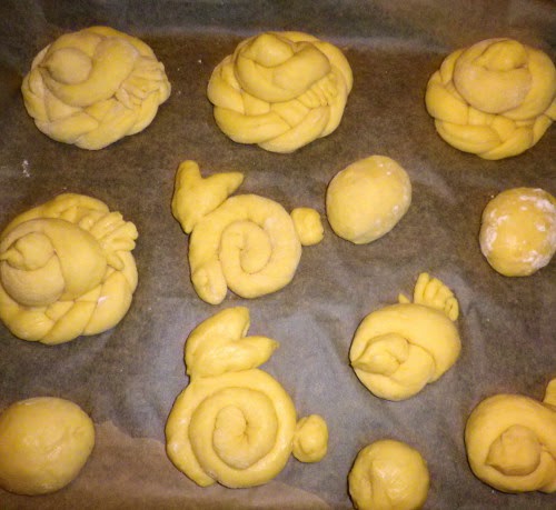 Io ho usato l'impasto base nr.5 della Cuochina per preparare quelli che volevano essere, pulcini, uccellini nel nido, coniglietti..ma che sono diventati un po' troppo gonfi perdendo un po' la forma iniziale. Sono deliziosi ugualmente.
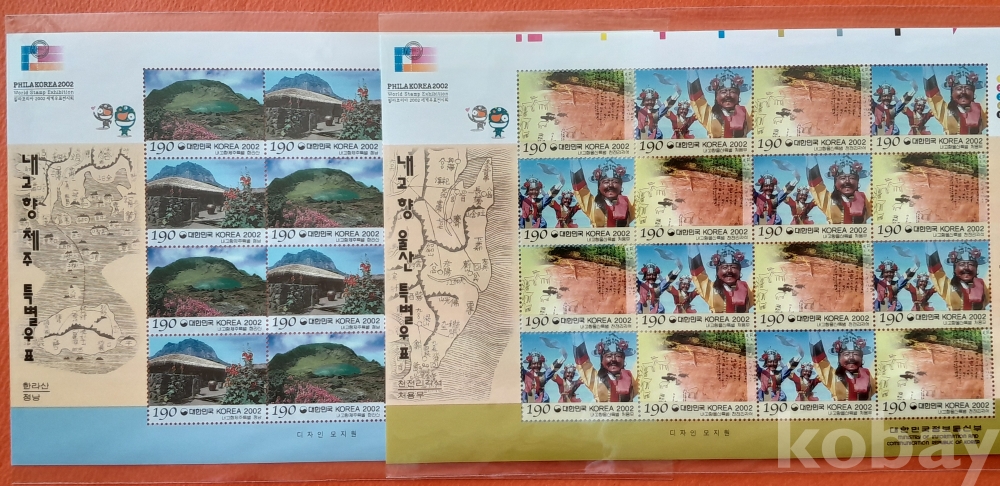 내고향 특별 우표(제주,울산) 16매 전지 2종 입니다.
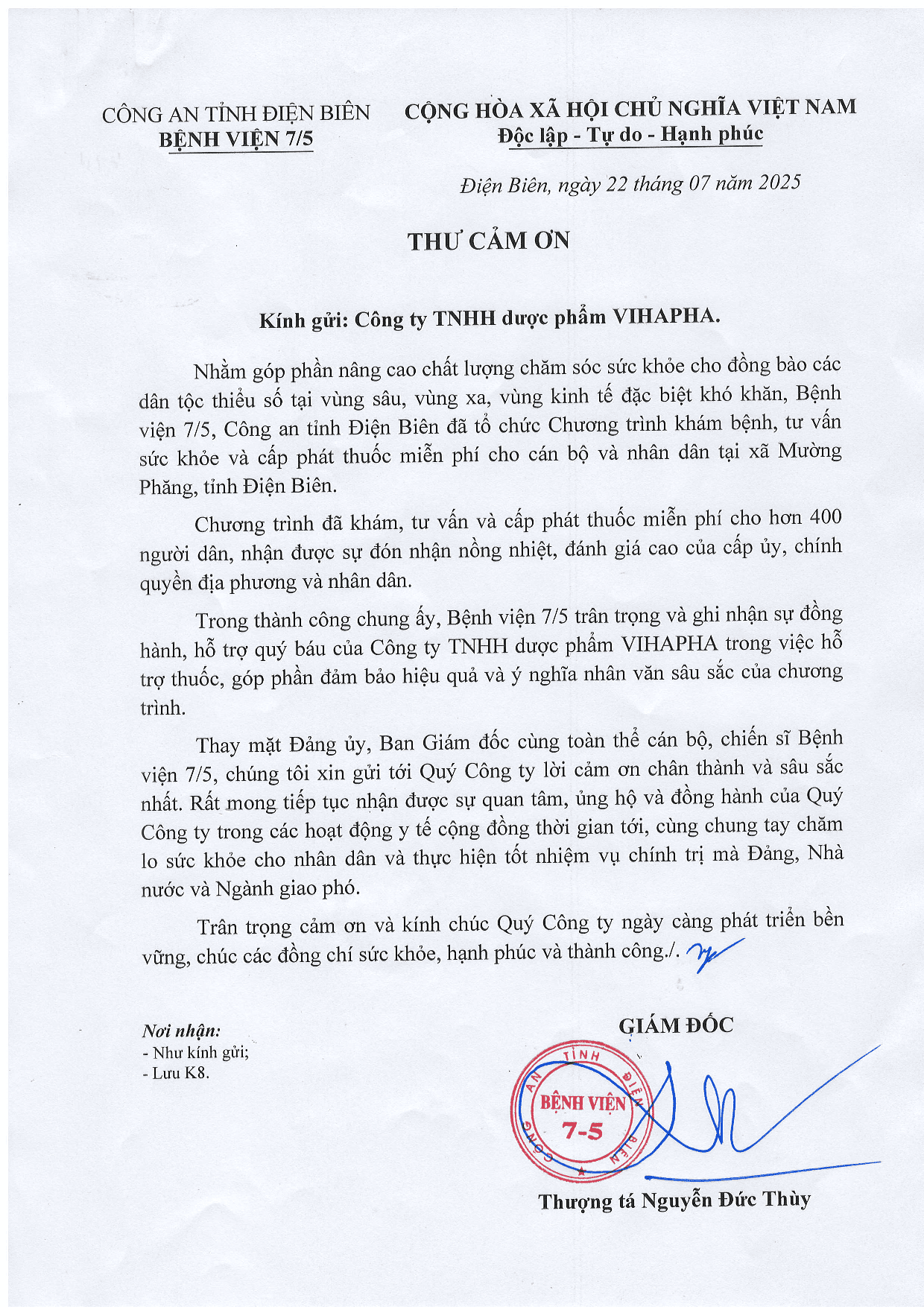 Ngay sau chương trình, Công ty TNHH Dược phẩm Vihapha đã nhận được Thư cảm ơn trang trọng từ Ban Giám đốc Bệnh viện 7/5 – Công an tỉnh Điện Biên. Trong thư, bệnh viện bày tỏ sự trân trọng và ghi nhận sâu sắc đối với sự hỗ trợ quý báu của Vihapha, đồng thời mong muốn tiếp tục được đồng hành trong các hoạt động thiện nguyện y tế trong thời gian tới.
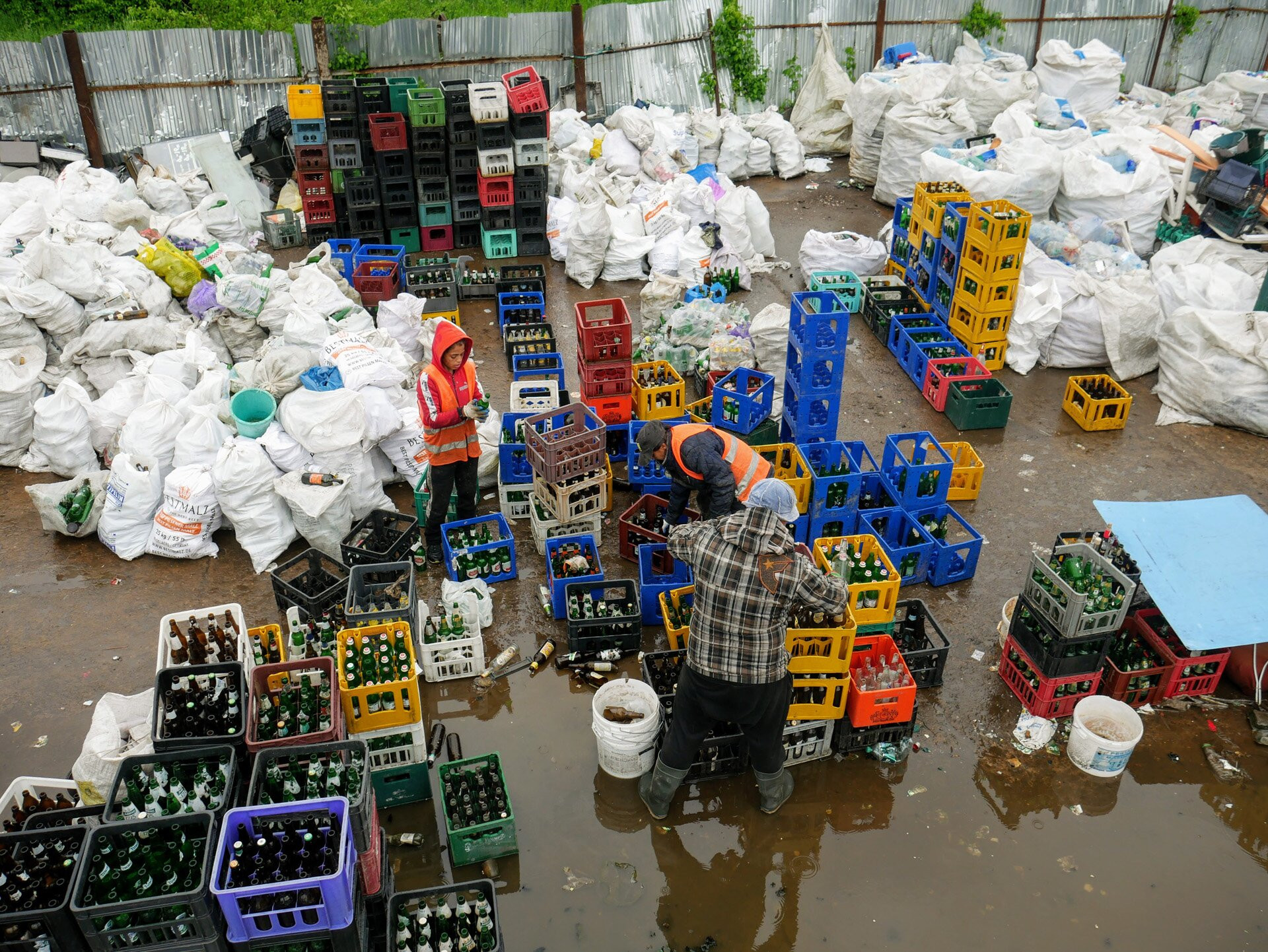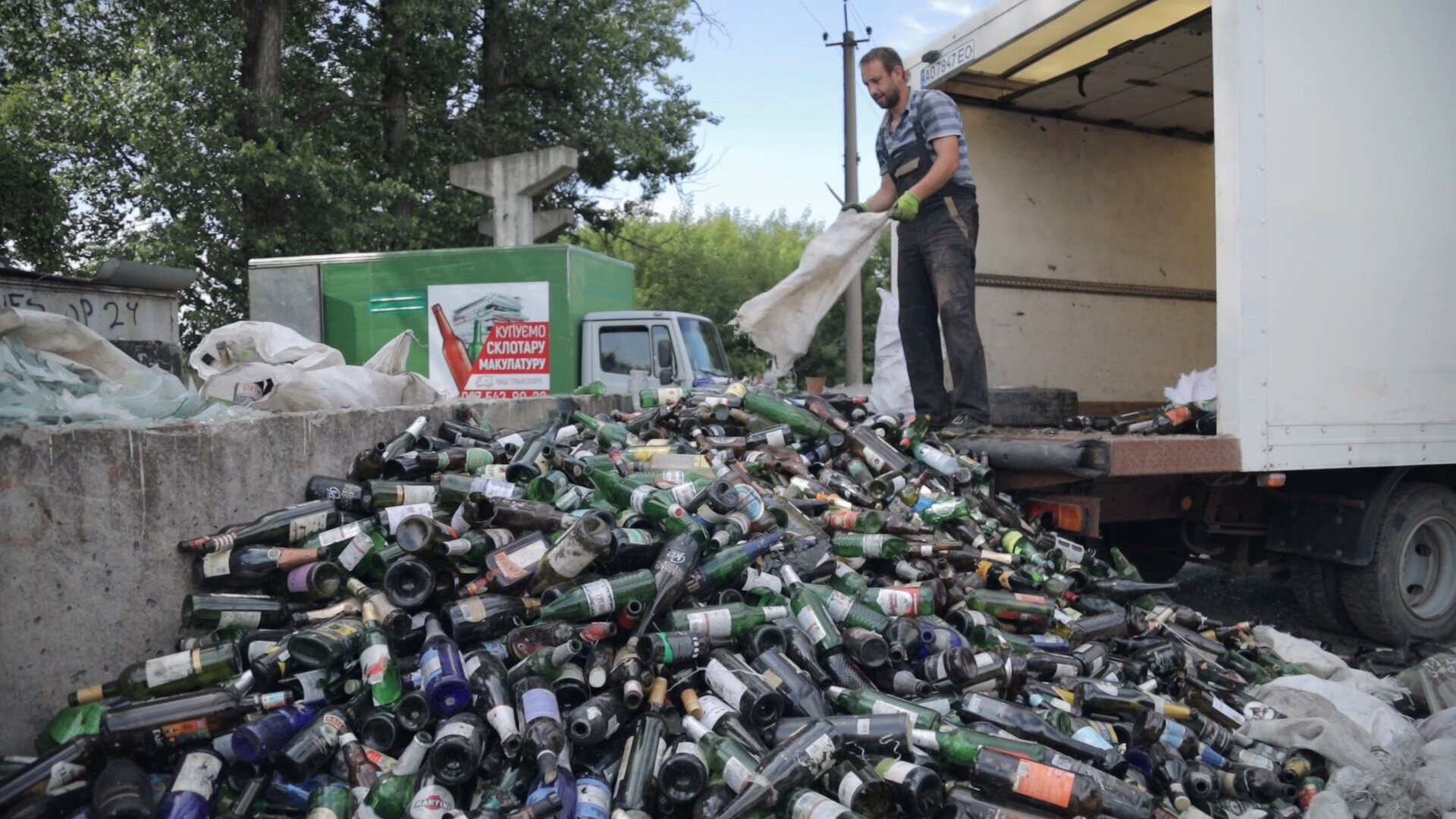 Béla üveghulladékot rak le egy feldolgozótelepen
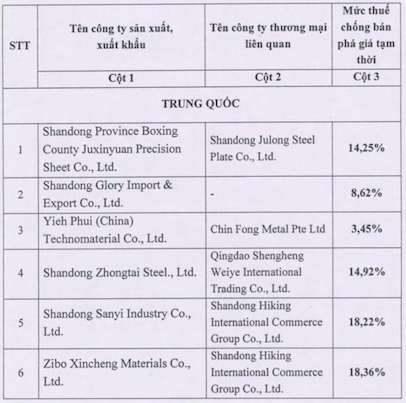 Cụ thể, mức thuế CBPG tạm thời dao động trong khoảng 3,45 – 34,27% được áp dụng đối với hơn 20 công ty. Trong đó, hàng loạt công ty Trung Quốc chịu mức thuế cao nhất là 34,27% như Shangdong Boxing Huaye Industry & Trade Co.,Ltd., Wuhan Hanke Color Metal Sheet Co., Ltd, Bazhou Shengfang Zhixing Pipe Making Co.,Ltd….
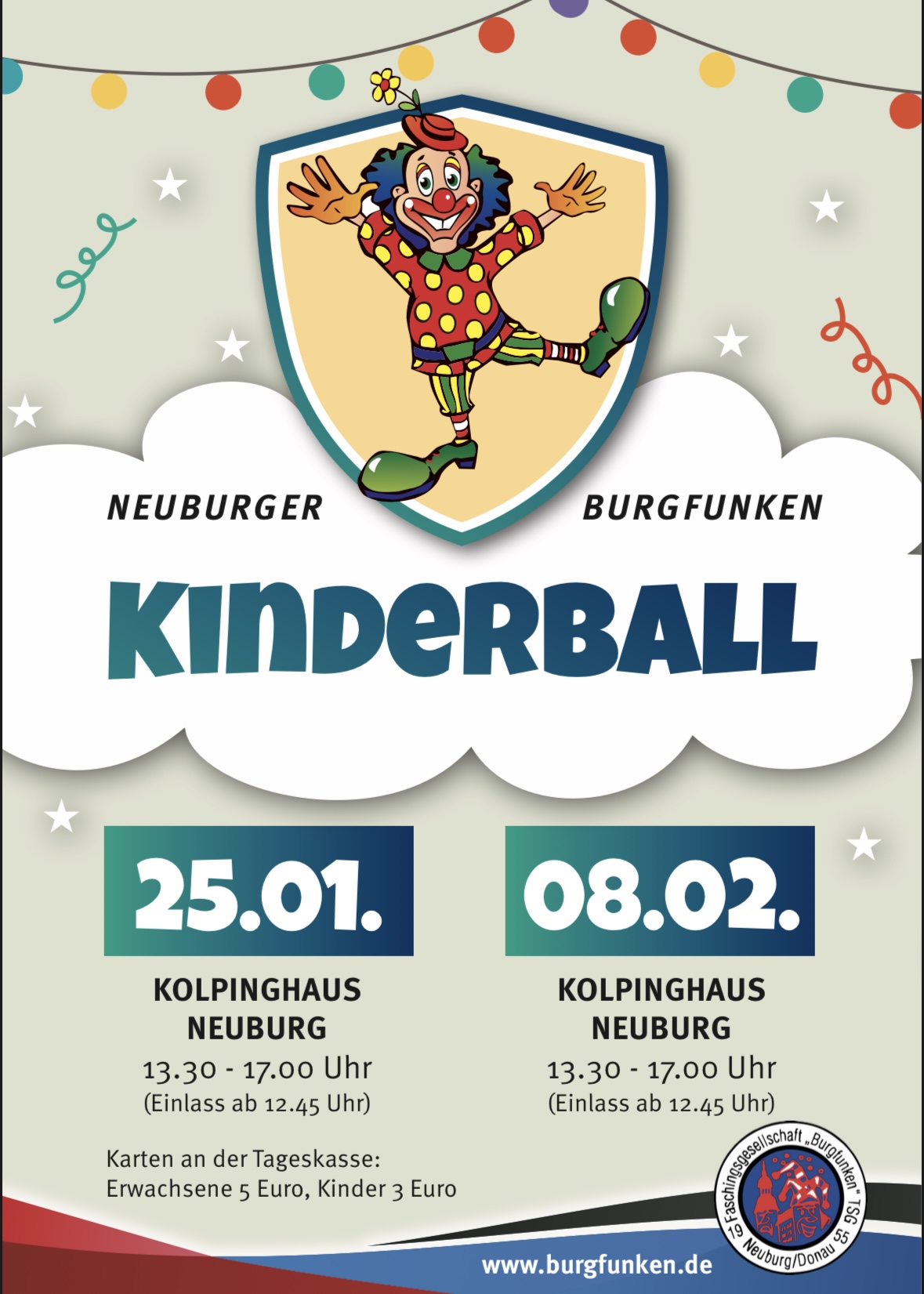 Änderungen an Veranstaltung einreichen Name der VeranstaltungBeschreibung<p>Zweiter Kinderball der Neuburger Burgfunken.</p> <p><strong>Einlass </strong>ab 12:45 Uhr</p> <p><strong>Karten an der Tageskasse</strong></p> <ul> <li>Erwachsene 5,00 €</li> <li>Kinder 3,00 €</li> </ul> Bild Sie können hier Dateien ablegen Erlaubte Dateitypen: NameVorschauBeschreibungAlternativtextUrheberrechtLizenzDateigrößeTypZuletzt geändertKategorie2025-11-14_22-15-49-img_5004----347.72 kBBild19.11.2025, 07:33 - Hinzufügen Datum vonDatum bis(Bitte auswählen)Kolpinghaus NeuburgVeranstaltungsortFaschingsgesellschaft Burgfunken Neuburg TSG weiß/blau/rot e.V.VeranstalterIhre AngabenVornameNachnameE-MailKommentarCaptchaForenameHiermit akzeptiere ich die Datenschutzerklärung Eingaben absenden Abbrechen * Pflichtfeld Möchten Sie die Änderungen verwerfen?
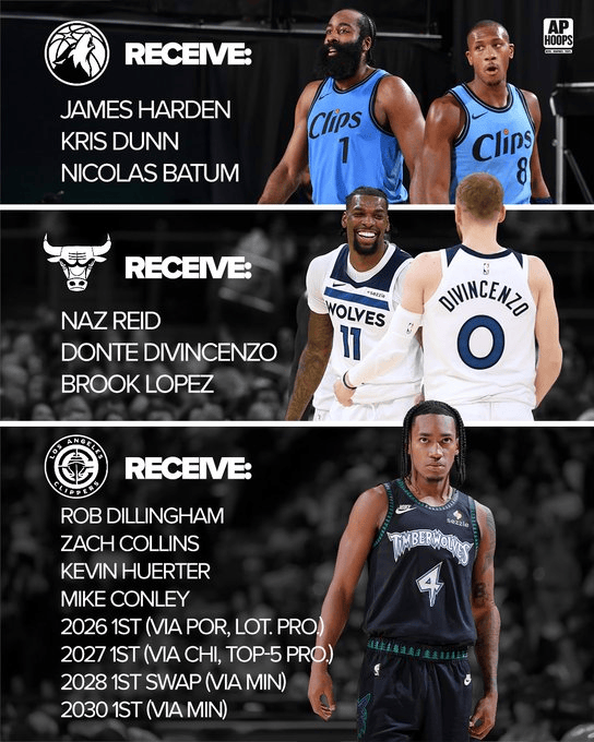 迪林厄姆、得到迪林扎克-柯林斯、厄姆赫爾特、首輪康利、流言林狼26年首輪、板美27年首輪、媒模28年首輪互換、擬方30年首輪。
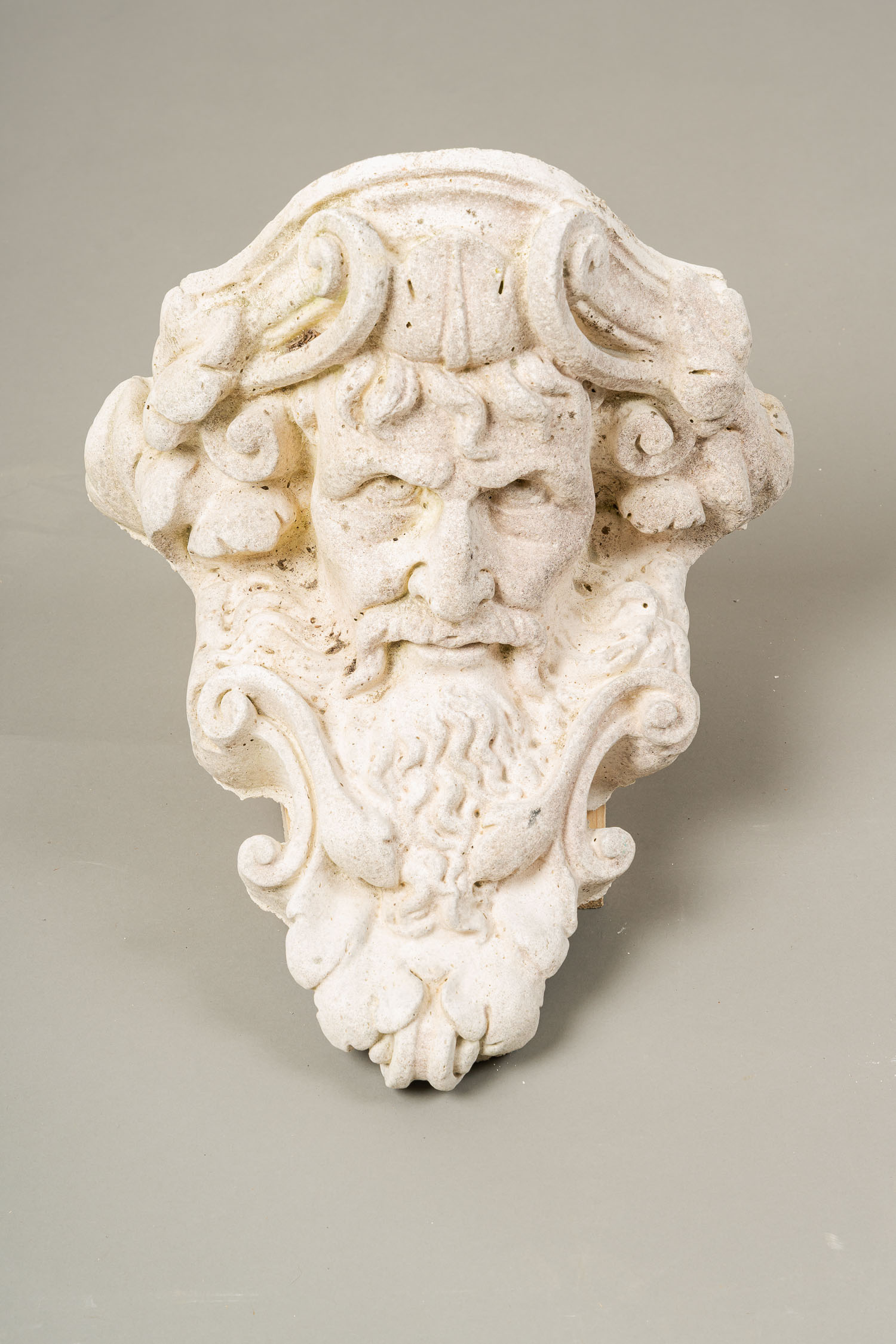 DEUTSCH AUCTIONEERS Lot115 in DetailArchitectural Ornament, Male Capitel, with bearded man with floral decorations. Stone cast. Around 1900. 46 x 50 cm.

+ + + + + + +

> [Problem details]:
Word for word, output the lines from the line bearing "내고향 특별 우표(제주,울산) 16매 전지 2종 입니다." through the end of the records above, and only those, without the pictures.

> [Your response]:
 내고향 특별 우표(제주,울산) 16매 전지 2종 입니다.
 Ngay sau chương trình, Công ty TNHH Dược phẩm Vihapha đã nhận được Thư cảm ơn trang trọng từ Ban Giám đốc Bệnh viện 7/5 – Công an tỉnh Điện Biên. Trong thư, bệnh viện bày tỏ sự trân trọng và ghi nhận sâu sắc đối với sự hỗ trợ quý báu của Vihapha, đồng thời mong muốn tiếp tục được đồng hành trong các hoạt động thiện nguyện y tế trong thời gian tới.
 Béla üveghulladékot rak le egy feldolgozótelepen
 Cụ thể, mức thuế CBPG tạm thời dao động trong khoảng 3,45 – 34,27% được áp dụng đối với hơn 20 công ty. Trong đó, hàng loạt công ty Trung Quốc chịu mức thuế cao nhất là 34,27% như Shangdong Boxing Huaye Industry & Trade Co.,Ltd., Wuhan Hanke Color Metal Sheet Co., Ltd, Bazhou Shengfang Zhixing Pipe Making Co.,Ltd….
 Änderungen an Veranstaltung einreichen Name der VeranstaltungBeschreibung<p>Zweiter Kinderball der Neuburger Burgfunken.</p> <p><strong>Einlass </strong>ab 12:45 Uhr</p> <p><strong>Karten an der Tageskasse</strong></p> <ul> <li>Erwachsene 5,00 €</li> <li>Kinder 3,00 €</li> </ul> Bild Sie können hier Dateien ablegen Erlaubte Dateitypen: NameVorschauBeschreibungAlternativtextUrheberrechtLizenzDateigrößeTypZuletzt geändertKategorie2025-11-14_22-15-49-img_5004----347.72 kBBild19.11.2025, 07:33 - Hinzufügen Datum vonDatum bis(Bitte auswählen)Kolpinghaus NeuburgVeranstaltungsortFaschingsgesellschaft Burgfunken Neuburg TSG weiß/blau/rot e.V.VeranstalterIhre AngabenVornameNachnameE-MailKommentarCaptchaForenameHiermit akzeptiere ich die Datenschutzerklärung Eingaben absenden Abbrechen * Pflichtfeld Möchten Sie die Änderungen verwerfen?
 迪林厄姆、得到迪林扎克-柯林斯、厄姆赫爾特、首輪康利、流言林狼26年首輪、板美27年首輪、媒模28年首輪互換、擬方30年首輪。
 DEUTSCH AUCTIONEERS Lot115 in DetailArchitectural Ornament, Male Capitel, with bearded man with floral decorations. Stone cast. Around 1900. 46 x 50 cm.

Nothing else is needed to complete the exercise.